I think each have their place, but this absolutely enrages me:

    
    
      var things = ( from x in thingList select x ).ToList()

------
snarfy
Uhg. Always defer materializing the query until you need it. If you are using
LINQ against something like EF it changes how the SQL is generated.

Consider var query = (from customer in context.Customers select
customer).ToList().Where( c => c.Id == 3);

vs var query = (from customer in context.Customers where customer.Id == 3
select customer);

The first LINQ query results in "SELECT * FROM customer". The WHERE clause is
applied after the result set is returned. The second generates a real WHERE
clause. The result set is filter on the server before being sent to the
client.

------
jonwagner
Thanks for the feedback. I've made some updates to the article to hopefully
improve where my meaning was not as clear as I intended, and where I should
have more strongly written "it depends on your situation".

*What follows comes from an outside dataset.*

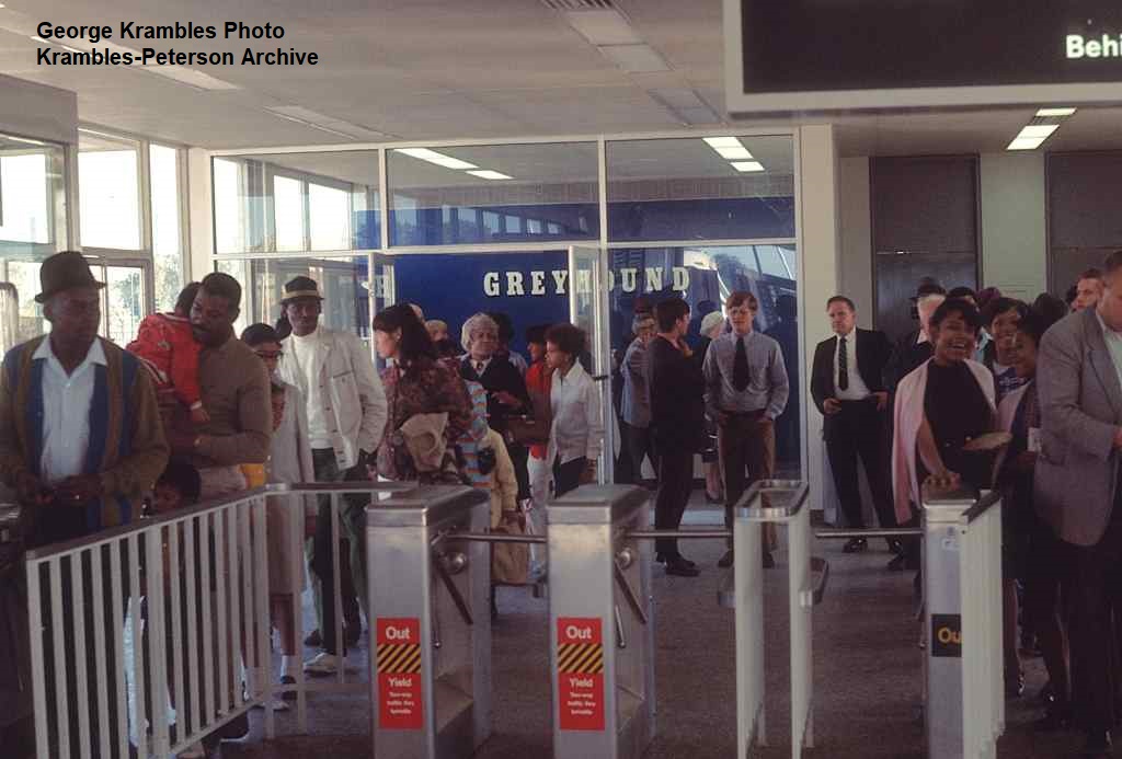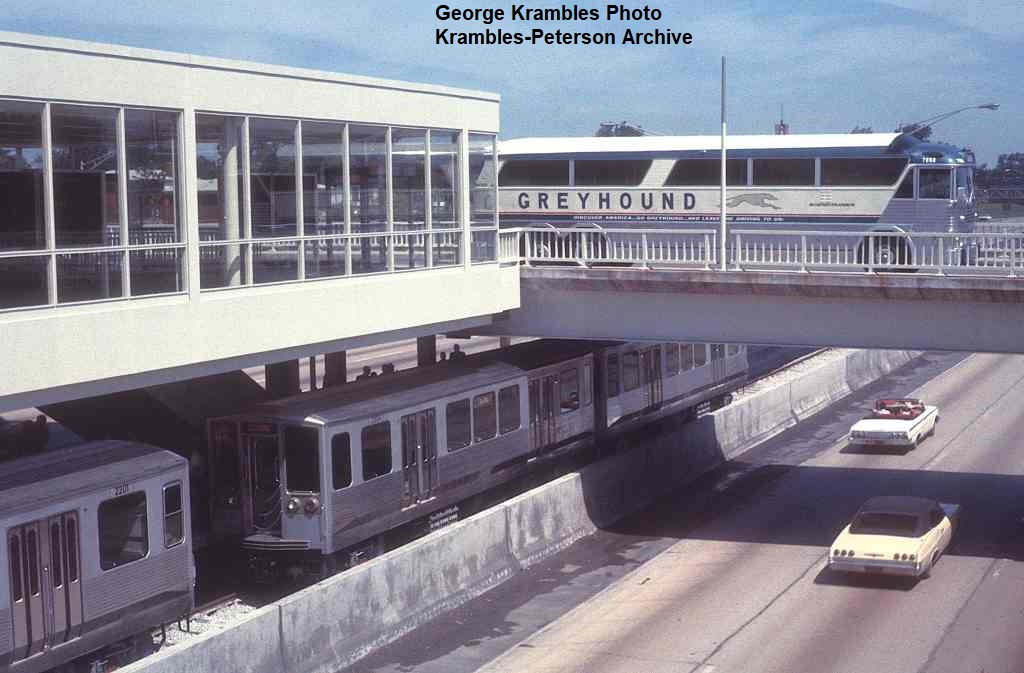 KP1785-CTA Lake-Dan Ryan, Greyhound #7068 on the bus bridge above the #2201 & #2204 in the 95th Street Terminal platform during the IRT convention demonstration runs - 06/27/1969

My next controversial post will be titled "Proper Spacing Around Parentheses
in C#" ;)

------
KeyBoardG
"Sealing the chain" as you say, is indeed important for scenarios such as
lookups within a loop. If you haven't .ToList()ed your lookup LINQ var, you
will be requerying with every iteration. A simple change that can slow down
code dramatically.

------
stephenfung
The article does a good job of exposing common pitfalls to those new to
deferred execution and offers some solid advice. However, I agree that it's
overly defensive to recommend ToList'ing almost every IEnumerable to avoid
having to think about it, but this seems like a decent idea for more "software
conservative" developers.

------
skittles
These are "Best Practices for Linq Enumerables and Queryables when You're Not
Really Sure How Linq Works but Still Want to Use It".

------
SwearWord
Good to see some C# on HN